There are \(N\) points in a 2D plane. You wish to find a rectangle with sides parallel to the \(x\) and \(y\) axes which covers all the points. What is the smallest area of such a rectangle?

Solution

First, suppose that we want to minimise just the width of the rectangle. We only need to look at the \(x\) coordinates, as \(y\)-coordinates only impact the height of the rectangle.

The width must be at least the difference between the smallest and largest \(x\)-coordinates, as any rectangle which covers all the points must be at least this wide.

However, there is no need for the rectangle to be wider than this - if it was, we could just shrink the width while still ensuring it covers all the points.

Therefore, the smallest width is the difference between the maximum and minimum \(x\)-coordinates.

Similarly, the smallest height is the difference between the maximum and minimum \(y\)-coordinates.
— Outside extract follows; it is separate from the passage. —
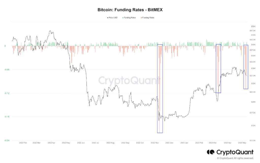 The metric observed some even more negative values following the November 2022 FTX crash, but the price didn’t see any appreciable surge following them. Though, nonetheless, Bitcoin still saw the bottom coincide with the red BitMEX funding rates.

The smallest area is the smallest width multiplied by the smallest height.

Code

#!/usr/bin/env python
import sys
sys.setrecursionlimit(1000000000)

# N is the number of holes.
N = None

# x and y contain the locations of the holes.
x = [None for x in range(100005)]
y = [None for x in range(100005)]

answer = None

# Open the input and output files.
input_file = open("artin.txt", "r")
output_file = open("artout.txt", "w")

# Read the value of N.
N = int(input_file.readline().strip())

# Read the location of each hole.
for i in range(0, N):
    input_line = input_file.readline().strip()
    x[i], y[i] = map(int, input_line.split())

# Resize the arrays to only include the N points
x = x[:N]
y = y[:N]

# Find the area
width = max(x) - min(x)
height = max(y) - min(y)
answer = width*height

# Write the answer to the output file.
output_file.write("%d\n" % (answer))

# Finally, close the input/output files.
input_file.close()
output_file.close()